• **AIM OF THE EXERCISE**
Every entry must appear in the output exactly as it does here.

/---

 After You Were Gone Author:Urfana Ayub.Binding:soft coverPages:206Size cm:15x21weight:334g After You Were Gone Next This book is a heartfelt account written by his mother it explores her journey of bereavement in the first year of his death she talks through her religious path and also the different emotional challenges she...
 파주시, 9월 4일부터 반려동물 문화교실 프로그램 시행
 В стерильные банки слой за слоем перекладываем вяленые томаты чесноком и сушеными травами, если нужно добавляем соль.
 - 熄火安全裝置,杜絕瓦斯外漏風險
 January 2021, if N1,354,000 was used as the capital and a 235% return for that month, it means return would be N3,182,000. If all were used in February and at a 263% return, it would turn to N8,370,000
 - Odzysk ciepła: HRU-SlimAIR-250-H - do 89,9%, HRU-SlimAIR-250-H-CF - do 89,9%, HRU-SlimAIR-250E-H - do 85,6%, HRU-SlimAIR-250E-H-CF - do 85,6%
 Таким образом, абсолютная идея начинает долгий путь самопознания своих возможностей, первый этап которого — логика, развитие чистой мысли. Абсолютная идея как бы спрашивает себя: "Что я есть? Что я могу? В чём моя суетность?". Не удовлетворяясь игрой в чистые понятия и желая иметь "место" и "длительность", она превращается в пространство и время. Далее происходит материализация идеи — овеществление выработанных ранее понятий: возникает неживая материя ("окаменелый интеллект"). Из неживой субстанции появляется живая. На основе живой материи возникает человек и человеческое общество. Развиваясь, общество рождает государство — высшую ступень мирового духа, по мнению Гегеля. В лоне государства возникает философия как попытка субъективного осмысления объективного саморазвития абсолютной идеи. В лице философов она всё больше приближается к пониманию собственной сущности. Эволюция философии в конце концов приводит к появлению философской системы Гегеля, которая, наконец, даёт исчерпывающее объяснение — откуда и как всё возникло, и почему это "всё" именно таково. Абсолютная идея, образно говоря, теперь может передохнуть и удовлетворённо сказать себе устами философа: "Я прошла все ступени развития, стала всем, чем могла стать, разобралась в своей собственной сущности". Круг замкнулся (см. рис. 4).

\---

• **TASK RESPONSE**
 After You Were Gone Author:Urfana Ayub.Binding:soft coverPages:206Size cm:15x21weight:334g After You Were Gone Next This book is a heartfelt account written by his mother it explores her journey of bereavement in the first year of his death she talks through her religious path and also the different emotional challenges she...
 파주시, 9월 4일부터 반려동물 문화교실 프로그램 시행
 В стерильные банки слой за слоем перекладываем вяленые томаты чесноком и сушеными травами, если нужно добавляем соль.
 - 熄火安全裝置,杜絕瓦斯外漏風險
 January 2021, if N1,354,000 was used as the capital and a 235% return for that month, it means return would be N3,182,000. If all were used in February and at a 263% return, it would turn to N8,370,000
 - Odzysk ciepła: HRU-SlimAIR-250-H - do 89,9%, HRU-SlimAIR-250-H-CF - do 89,9%, HRU-SlimAIR-250E-H - do 85,6%, HRU-SlimAIR-250E-H-CF - do 85,6%
 Таким образом, абсолютная идея начинает долгий путь самопознания своих возможностей, первый этап которого — логика, развитие чистой мысли. Абсолютная идея как бы спрашивает себя: "Что я есть? Что я могу? В чём моя суетность?". Не удовлетворяясь игрой в чистые понятия и желая иметь "место" и "длительность", она превращается в пространство и время. Далее происходит материализация идеи — овеществление выработанных ранее понятий: возникает неживая материя ("окаменелый интеллект"). Из неживой субстанции появляется живая. На основе живой материи возникает человек и человеческое общество. Развиваясь, общество рождает государство — высшую ступень мирового духа, по мнению Гегеля. В лоне государства возникает философия как попытка субъективного осмысления объективного саморазвития абсолютной идеи. В лице философов она всё больше приближается к пониманию собственной сущности. Эволюция философии в конце концов приводит к появлению философской системы Гегеля, которая, наконец, даёт исчерпывающее объяснение — откуда и как всё возникло, и почему это "всё" именно таково. Абсолютная идея, образно говоря, теперь может передохнуть и удовлетворённо сказать себе устами философа: "Я прошла все ступени развития, стала всем, чем могла стать, разобралась в своей собственной сущности". Круг замкнулся (см. рис. 4).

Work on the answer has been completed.